With the Clean Growth Fund’s second vehicle securing £49m at first close, managing partner Beverley Gower-Jones discusses investor appetite, the challenges of pooling, and the case for climate venture capital
The second funding round for the Clean Growth Fund, a UK climate-focused venture capital investor, has been backed by a group of LGPS funds and an endowment.
This includes a £30m commitment from existing investor Strathclyde Pension Fund (up from £20m in the first fund), £12.5m from East Riding, and £15m from Islington Pension Fund, alongside a cornerstone contribution from Queen’s College, Cambridge.

The fund still aims to raise a further £50m–£100m this year, with Strathclyde offering to increase its investment by an additional £10m once the £70m milestone has been reached, according to managing partner Beverley Gower-Jones.
A challenging market environment
The commitments represent an important milestone in the government’s drive to attract more institutional investment into UK growth opportunities.
“It’s fantastic to see local government pension schemes leading the way. Their commitments show real leadership in aligning with the Mansion House ambitions while backing UK innovation,” Gower-Jones said.
She acknowledged, however, that the timing of the fundraising has been difficult, with venture capital flows slowing globally due to higher interest rates and an increasingly uncertain macroeconomic outlook.
Globally, venture capital funds attracted some $109bn in Q2 2025, according to data by VC firm Bain & Company, marking a 17% decline quarter on quarter with more than 60% of new investments taking place in the US.
In the UK, LGPS funds seeking to invest in venture capital also face additional pressures as they prepare to meet the government’s pooling requirements.
“Engaging and getting people’s attention has been much more work because pension funds have just had less time. They’ve been asked to do so many other things in such a short space of time,” she explained.
Despite these headwinds, she said the successful first close demonstrates continued appetite for climate solutions, and that a supportive policy environment and the UK government’s focus on tackling net zero emissions would have helped shore up investor confidence.

It’s fantastic to see local government pension schemes leading the way. Their commitments show real leadership in aligning with the Mansion House ambitions while backing UK innovation
Beverley Gower-Jones, Clean Growth Fund
Gower-Jones predicts that with the question of pooling consolidation soon to be settled, investors might find more time to address their strategic asset allocation.
“There is this ticking time clock of the March 2026 pooling deadline but there are quite a few LGPS funds and other investors out there who still have a strategic asset allocation for this year but it seems to have been delayed because of the focus on pooling, once pools have made their decision by September, will there be a greater focus of delivering on their strategic asset allocation for the year?”
Portfolio companies
The new fund builds on the Clean Growth Fund’s first investment vehicle, launched in 2020 with commitments from seven institutions.
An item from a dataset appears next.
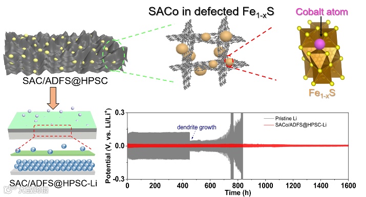 首次提出利用缺陷位点的方式来锚定金属单原子的方法,将高活性金属单原子锚定在阳离子缺陷化合物中作为锂离子动力学调控层(SACo/ADFS@HPSC),实现对锂离子动力学的催化,丰富的SACo活性位点可引导锂以较低的能垒均匀成核,并加快在水平方向的锂沉积动力学,促进锂金属表面的无枝晶化过程。

That fund has backed 19 climate tech start-ups, including: Sunswap a developer of zero-emission transport refrigeration units, with a £6m+ order book supplying clients such as DFDS and Tesco.
It has also invested in Rendesco, a provider of low-carbon ground-source heat networks, with over 400 completed projects, a £100m pipeline, and 80% revenue growth in the past year.
Another company backed by the fund is Above, which specialises solar technology using robotics, AI and computer vision to enhance plant performance, the company reports revenue growth of 50% CAGR since 2021.
Fund II will continue this strategy, investing in UK-based early-stage companies with initial cheques ranging from £500k to £5m. It will target innovations across six core areas: power and energy systems, transport, industrial decarbonisation, buildings, agrifood and land use, and the circular economy and waste management.